UN's de Boer Explains Bali Tears and Comma's Silent
Impact, Branson Dodges, Steiner's Secrecy
Byline: Matthew Russell Lee of Inner City Press at
the UN: News Analysis
UNITED NATIONS, February 11 -- "You can't
hear a comma," UN climate change point-man Yvo de Boer told Inner City Press on
Monday. He'd been asked about the negotiations in Bali in December, specifically
about his widely-seen but little understood crying jag near the end of the
conference. While the voice-over on a number of global television broadcasts of
his tears had ascribed them to the tenseness of the talks or the state of the
planet, de Boer on Monday confirmed that he'd been accused by China of holding
two sets of negotiations over two sets of documents. He said there had been
confusion about when the informal talks ended, and the formal ones began. The
rest, he said, "will be for my book." Video
here.
Afterwards, off-camera, de Boer said he
"felt bad" for the Americans, who were "put in an uncomfortable position" by a
comma not enunciated by the Indian delegation at the talks. As de Boer recounts
it, the talk was of a sentence providing that developing countries should take
real, measurable and verifiable actions ... but should be provided with real,
measurable and verifiable financial resources into order do that. The question
left unanswered by the reading, according to de Boer, was whether "real,
measurable and verifiable" referred only to money, or related to other
provisions. The U.S. was left out on a limb, and Yvo de Boer regrets it.

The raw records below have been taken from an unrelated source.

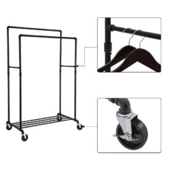 De echte modebewuste vrouw of man heeft aan de traditionele kledingkast vaak niet genoeg. Deze barst als het ware van de kledingstukken, met als extra nadeel het verlies aan overzicht. Kies daarom voor dit dubbel kledingrek waar plaats is voor allerlei outfits, inclusief schoenen!
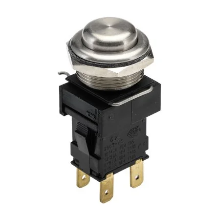 This momentary push button switch offers DPDT configuration and IP66 protection for reliable panel mounting.
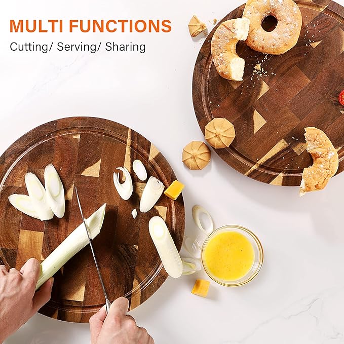 End Grain Butcher Block Round 12 IN, Premium Acacia Wood Cutting Board with Juice Groove, TJ POP Medium Chopping Board for Kitchen, 1 IN Thick
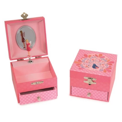 The perfect gift this musical jewellery box Peacock with drawer. Wind up at the back and as soon as you open the box, the music begins to play and the figurine starts to dance. Ideal to store your jewellery or treasures.
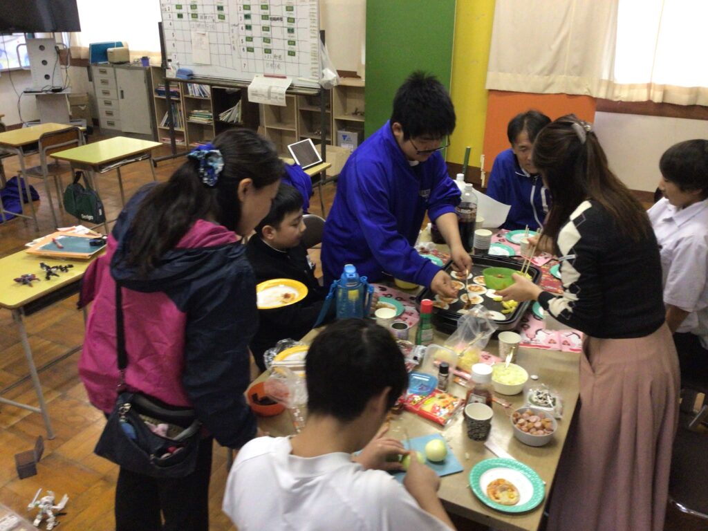 昨日、岩城学級で餃子の皮を利用した「オリジナルピザ」づくりが行われました。今回は、ホットプレートを使った手軽な調理実習です。具材は、コーンや玉ねぎ、ウインナー、チョコレートなど、いろいろなものを持ち寄りました。 「おいしいね!」「これ、食べてみて!」「〇〇先生、どうぞ!」等の声が響き、笑顔溢れる時間となりました。 カテゴリー: 活動紹介
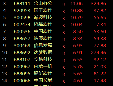 盘初,国产软件板块继续发力,我国软件一度涨停,金山办公一度涨超15%,达梦数据、我国长城、太极股份等全线上扬。
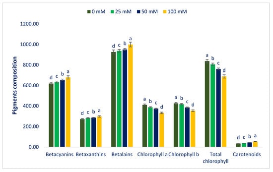 Pigments of Lalshak as influenced by salt stress (n = 6). Dissimilar letters in the bars varied significantly by DMRT (p < 0.01).
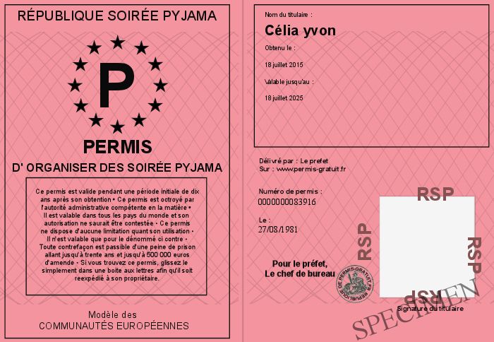 Envoyez par email le Permis d' organiser des soirée pyjama personalisé

Yvo de Boer in Bali: side-talks not
shown, commas not heard, but questions answered
Asked about coal by Inner City
Press, de Boer said that moratorium on coal use is not realistic, but there are
still legitimate questions about whether carbon buried via "capture and store"
technology will in fact stay buried. At least de Boer answered this question. An
hour earlier, in the same room but with many more journalists present, Sir
Richard Branson of Virgin Airways dodged the identical coal question from Inner
City Press, answering instead about biofuels. After saying that corn ethanol
does not, on balance, reduce dirty energy emissions, Branson admitted that he is
invested in corn biofuel. Daryl Hannah, shrugging off the UN press corps' jokes
about mermaids -- based, it seems, on her appearance in the 1980s movie "Splash"
-- answered that biofuels are best when made from waste, or even algae. Video
here.
In the Trusteeship Council
chamber as afternoon turned to dusk, Sha Zukang of the UN Department of Economic
and Social Affairs concluded with what he called, to some laughter, "propaganda
from DESA." Kemal Devis of the UN Development Program -- and formerly of the
World Bank -- said that the World Bank has a role in middle income countries.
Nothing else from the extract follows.